Introudction To Business 2 Flashcards
Entrepreneur
Someone who sets up and runs a new business and takes on the risks associated with the business.
Enterprise
The process by which new businesses are formed in order to offer products and services in a market.
4 factors of production:
- Land
- Labour
- Capital
- Enterprise
Importance to the economy of entrepreneurship and enterprise (x4)
- Drives economic growth
- Creates new jobs
- Encourages innovation
- Contributes to social change
Decisions made by an entrepreneur (x4)
- What is made
- How the product is produced
- Finds the finance to fund the business
- What price the product will be sold at
Primary sector
Industries relating to the production of primary resources.
Secondary sector
The section of the economy that manufactures and assembles products from raw materials.
Tertiary sector
(Also known as the service sector)
Includes businesses that provide services rather than physical products.
Private sector
The section of the economy that is not under state control.
Public sector
The part of the economy that is controlled by the state.
Third sector
- The third sector is not about making a profit but rather making a difference to society.
- Third sector organisations are categorised into: charities and community groups, social enterprises.
Local market
The buyers and sellers are limited to the local region or area.
National market
Demand for goods is limited to one specific country.
International market
When the demand for the product is international and the goods are traded internationally.
Difference between national and multinational businesses.
National - Operates in one country but may sell abroad.
Multinational - Operates and sells in multiple countries.
Sole trader
A one-person business with unlimited liability for the debts of that business.
Advantages of being a sole trader (x4)
- Quick and easy to set up
- Simple to run
- Minimal paperwork
- Easy to close / shut down
Disadvantages of being a sole trader (x4)
- Unlimited liability
- Harder to raise finance
- The business is the owner (the business suffers if the owner becomes ill, loses interest etc)
- Can pay a higher tax rate than a company
Partnership
A business where there are 2 or more owners of the enterprise.
Advantages of a partnership (x4)
- Spreads the risk
- Partner may bring money and resources
- Shared skills and ideas
- Increased credibility with potential customers and suppliers
Disadvantages of a partnership (x4)
- Have to share the profits
- Less control of the business for the individual
- Disputes over workload
- Problems if partners disagree over the direction of the business
Private limited company
A business that is owned by its shareholders, run by directors and has limited liability.
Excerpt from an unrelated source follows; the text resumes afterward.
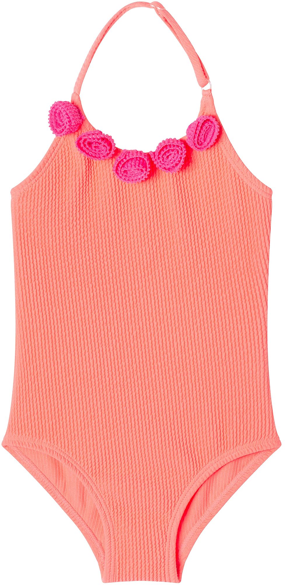 Let your little one bloom in the sun with this vibrant one-piece halter swimsuit! Featuring soft textured fabric and playful 3D floral appliqués, this suit combines comfort with standout charm. Perfect for beach days and poolside twirls, it’s a sweet and stylish choice for your toddler girl.
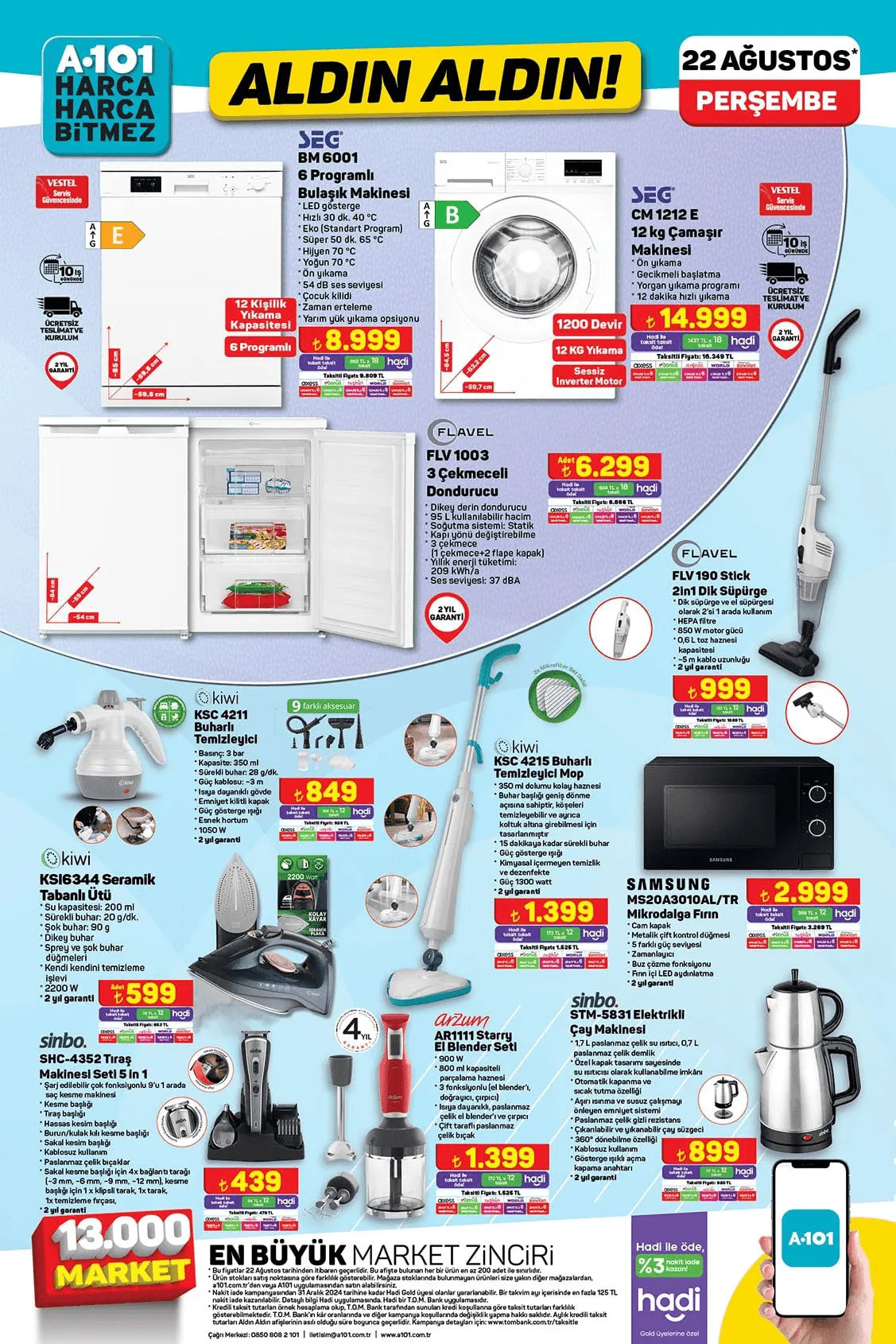 A101 22 Ağustos 2024 hafta sonu aktüel kampanya kataloğu yayınlandı. A101’de bu hafta sonu 22 Ağustos ile 29 Ağustos 2024 tarihleri arasında geçerli olacak kampanyada yer alacak indirimli ürünler belli oldu. 22 Ağustos A101 Kataloğu ile hangi ürünler gelecek hemen bakalım. 22 Ağustos A101 Market kampanyasında ilk dikkat çeken aktüel ürün Volta VSM Elektrikli Motorlu Bisiklet oluyor. A101 22 Ağustos 2024 kataloğunda Volta VSM Elektrikli Motorlu Bisiklet için 16.990 TL fiyat görüyoruz. A101 22 Ağustos 2024 kataloğunda yer alan diğer aktüel ürünlere de hemen bakalım. A101 Aktel 22 Ağustos kataloğunda Toshiba 65″ Ultra HD 4K Smart Led Tv, Kiwi Buharlı Temizli Mop, Arzum Starry El Blender Seti, Samsung Mikrodalga Fırın ve Sinbo Elektrikli Çay Makinesi haftanın dikkat çeken aktüel ürünleri arasında yer alıyor. A101 22 Ağustos 2024 Aktüel Ürünler Kataloğu ile bu hafta gelecek tüm ürünlere sayfanın devamından ulaşabilirsiniz.

Advantages of private limited companies (x4)
- Limited liability
- Additional capital can easily be raised by selling shares
- The company can continue to trade even if one of its members dies
- Incorporated - separate legal entity
Disadvantages of a private limited company (x3)
- Public financial records
- More expensive and time consuming to set up (you must be incorporated with Companies House)
- Separation of ownership and control - the owners no longer make all decisions
Public limited company
A company that is able to offer its shares to the public.
Advantages of a public limited company (x4)
- Better access to capital
- Liquidity - shareholders are able to buy and sell their shares
- The opportunity to more easily make acquisitions
- Gives a company a more prestigious profile
Disadvantages of a public limited company (x4)
- Volatile stock markets (if the company receives negative media attention, this often has a negative impact to the company’s share price)
- Potential for a loss of control
- Strict regulations
- Increased scrutiny (public financial records - a loss could cause negative media attention, causing share price to fall)
Limited liability
- Shareholders are only liable for the money they have invested into the business.
- It separates and protects personal assets from business assets.
Unlimited liability
Being personally liable for the debts of the business.
Franchise
When a franchisor grants a licence to a franchisee to allow it to trade using the brand / business format.
Benefits to the franchisor of using franchising (x2)
- Enables quicker growth for a relatively low investment
- Capital investment by franchisees is an important source of growth finance
Benefits to the franchisee of franchising (x4)
- Support from the franchisor (e.g marketing and staff training)
- Being part of a well-known organisation with an established anem, format and product
- Less investment is required at the start up stage
- Less risk
Disadvantage to the franchisee of franchising (x3)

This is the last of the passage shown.